■ WHAT THE TASK ASKS:
Before printing, remove every picture; then print the lines below exactly, from the first line through the line containing "왼쪽 영역에 내 카메라 또는 화면공유를 추가할 수 있어요.".

── DATA SUPPLIED ──

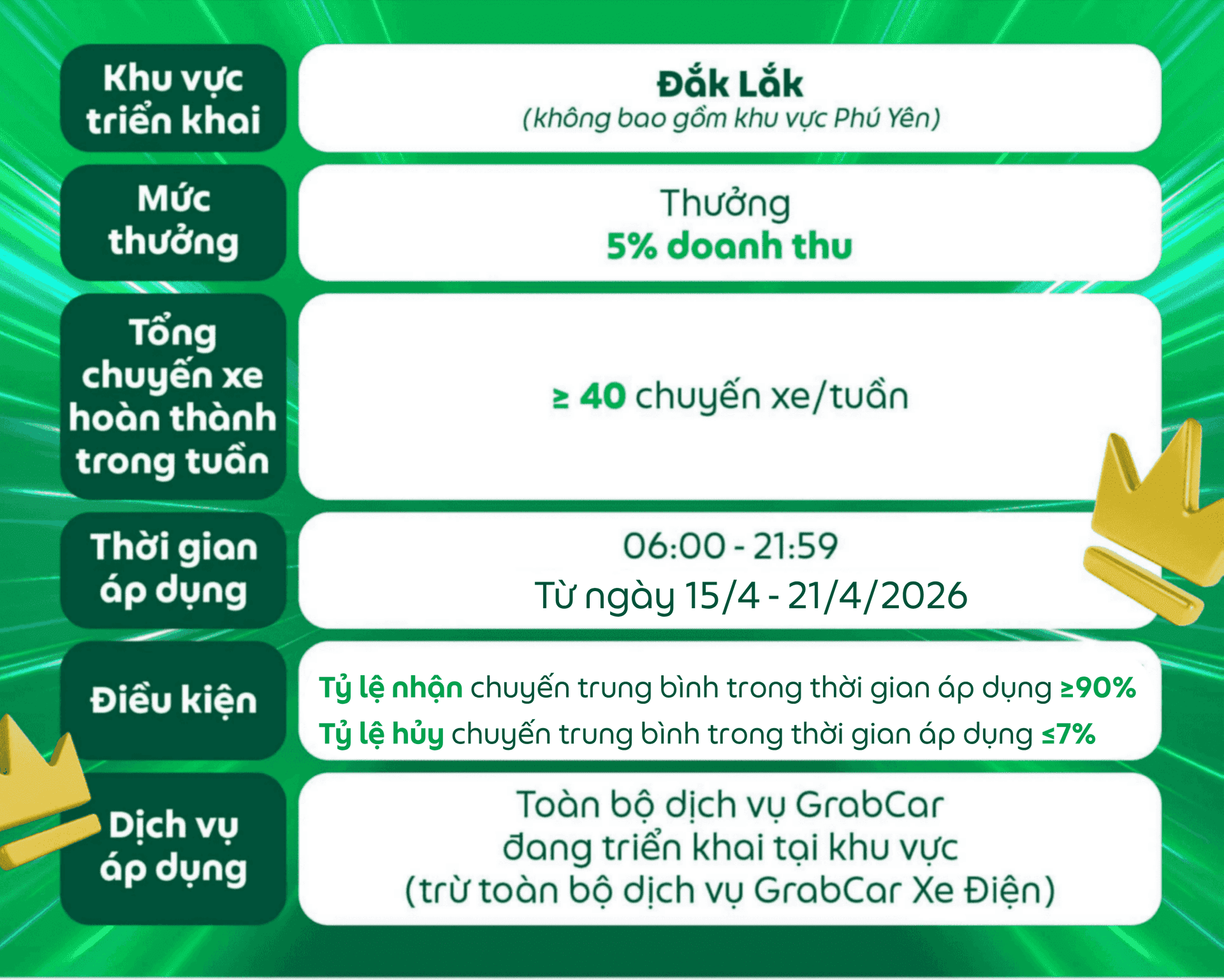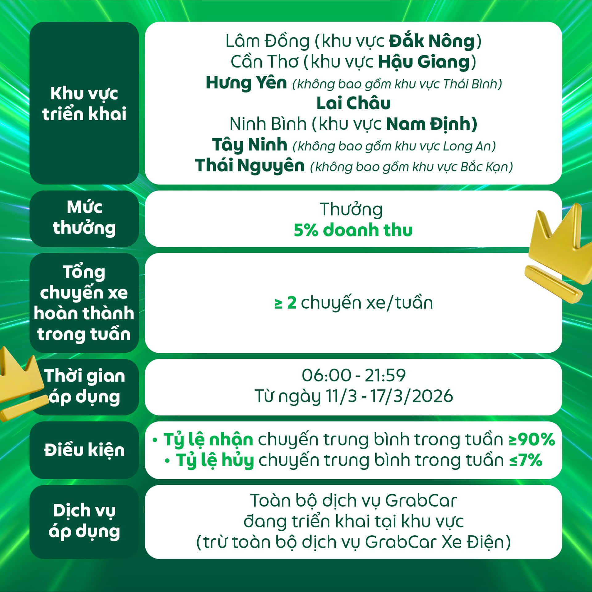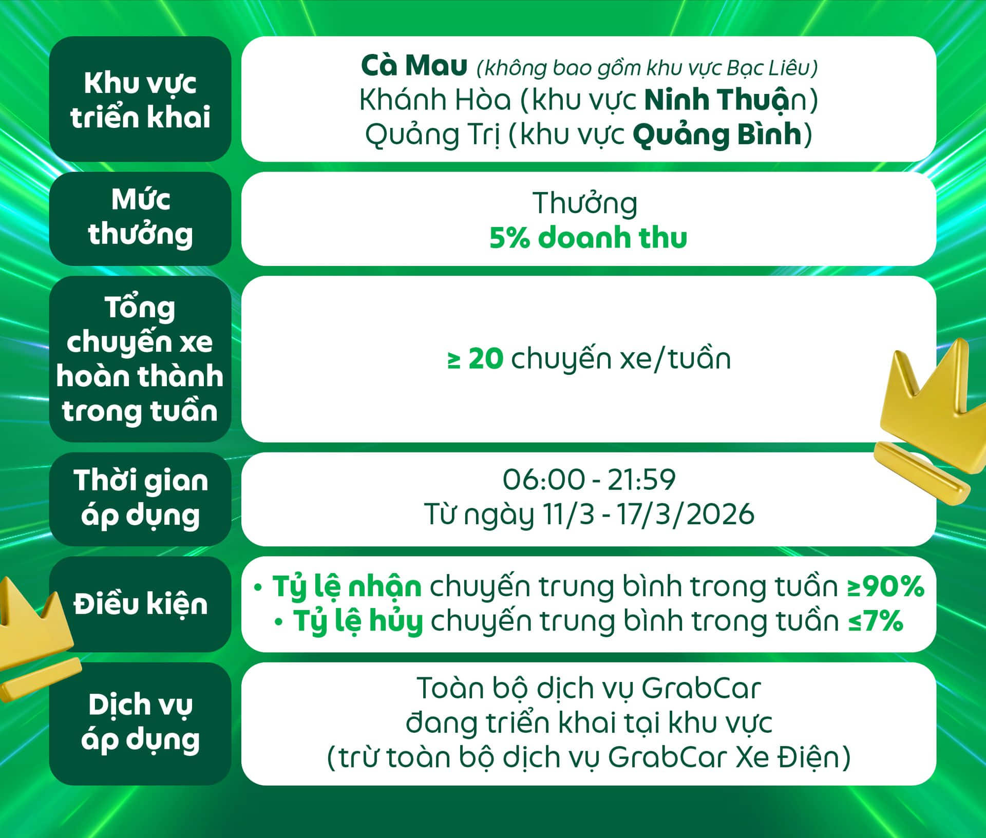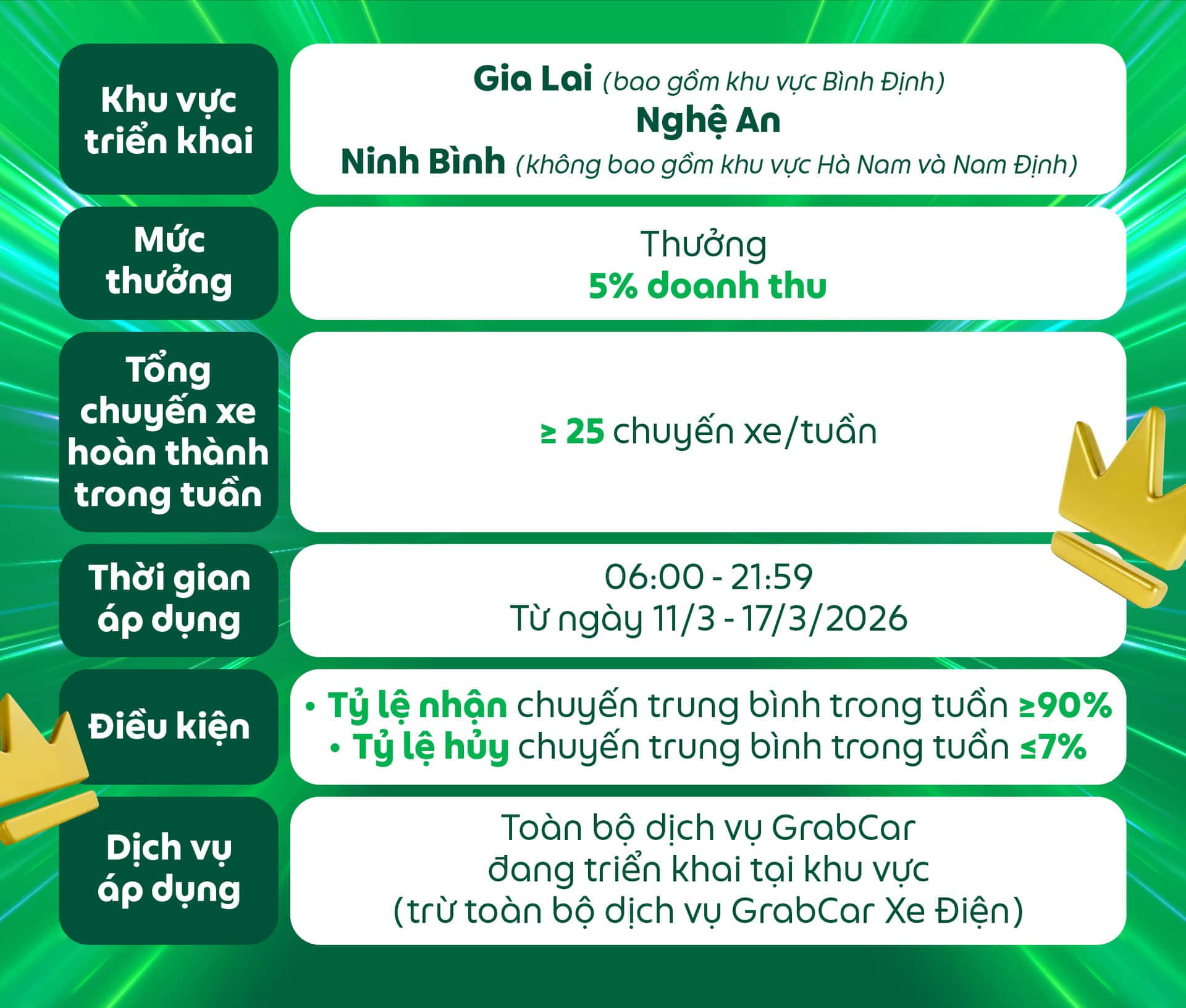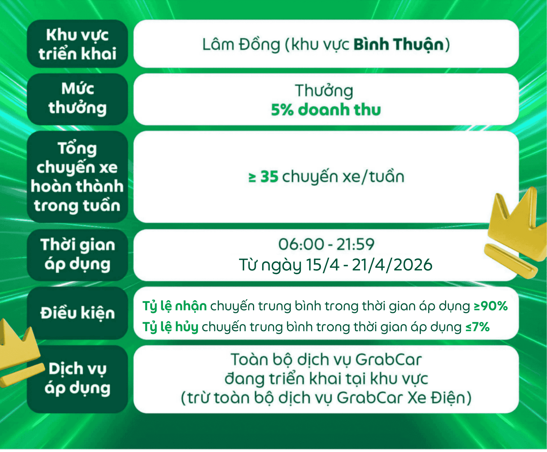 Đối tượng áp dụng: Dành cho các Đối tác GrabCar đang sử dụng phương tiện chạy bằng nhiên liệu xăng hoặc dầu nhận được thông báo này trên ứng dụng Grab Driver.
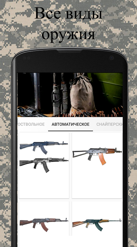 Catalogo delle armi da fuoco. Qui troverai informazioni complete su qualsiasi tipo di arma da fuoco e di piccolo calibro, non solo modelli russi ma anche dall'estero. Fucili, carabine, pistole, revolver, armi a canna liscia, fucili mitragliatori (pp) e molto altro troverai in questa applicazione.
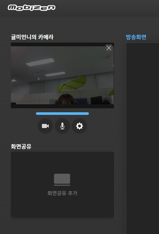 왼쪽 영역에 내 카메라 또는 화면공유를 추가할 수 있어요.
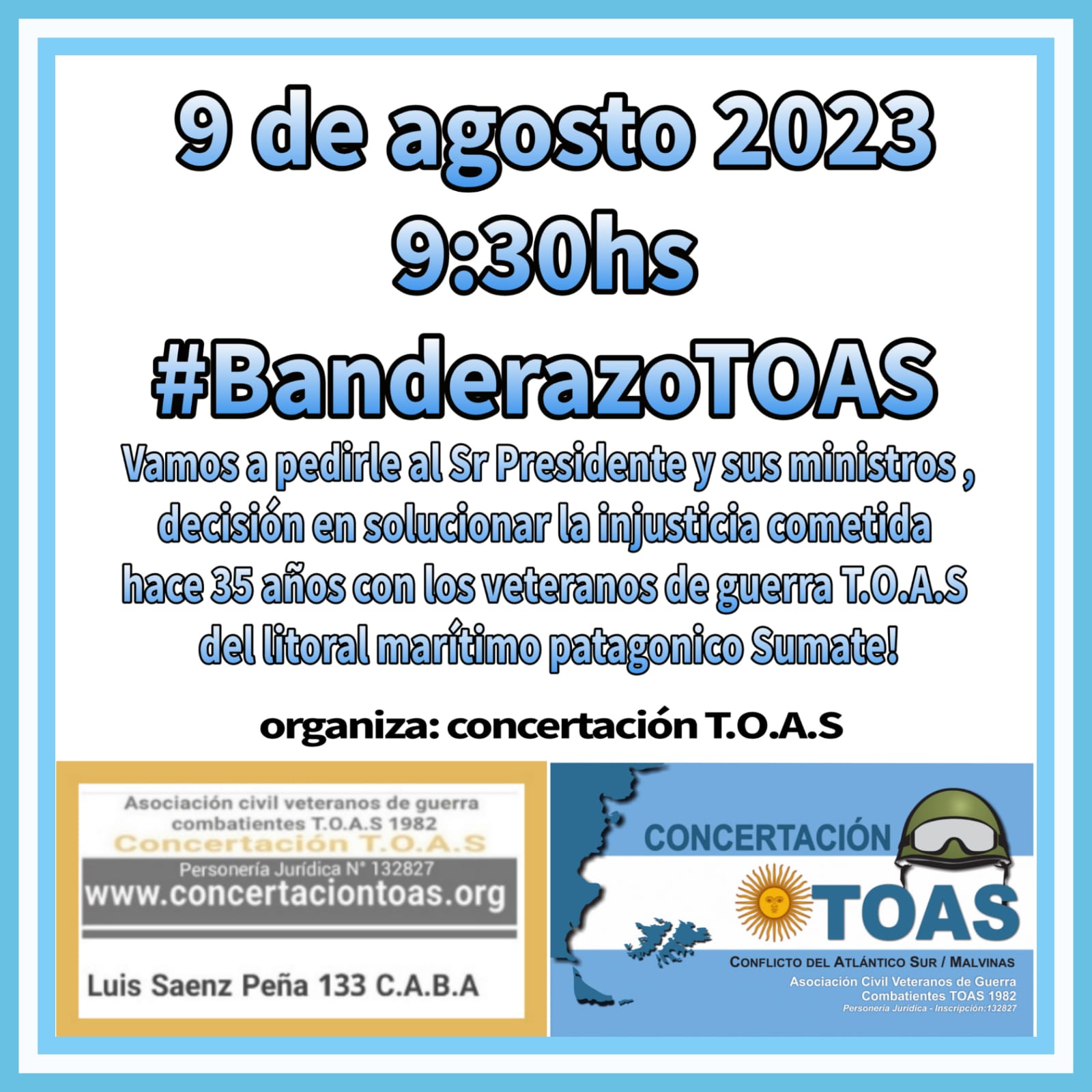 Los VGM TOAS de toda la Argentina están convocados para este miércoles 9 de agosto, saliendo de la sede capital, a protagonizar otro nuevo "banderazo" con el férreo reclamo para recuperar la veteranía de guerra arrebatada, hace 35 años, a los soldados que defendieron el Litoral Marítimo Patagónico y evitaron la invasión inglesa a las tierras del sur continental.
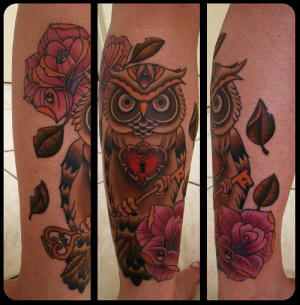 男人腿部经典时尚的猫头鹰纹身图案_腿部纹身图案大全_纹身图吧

───

■ EXERCISE OUTPUT:
 Đối tượng áp dụng: Dành cho các Đối tác GrabCar đang sử dụng phương tiện chạy bằng nhiên liệu xăng hoặc dầu nhận được thông báo này trên ứng dụng Grab Driver.
 Catalogo delle armi da fuoco. Qui troverai informazioni complete su qualsiasi tipo di arma da fuoco e di piccolo calibro, non solo modelli russi ma anche dall'estero. Fucili, carabine, pistole, revolver, armi a canna liscia, fucili mitragliatori (pp) e molto altro troverai in questa applicazione.
 왼쪽 영역에 내 카메라 또는 화면공유를 추가할 수 있어요.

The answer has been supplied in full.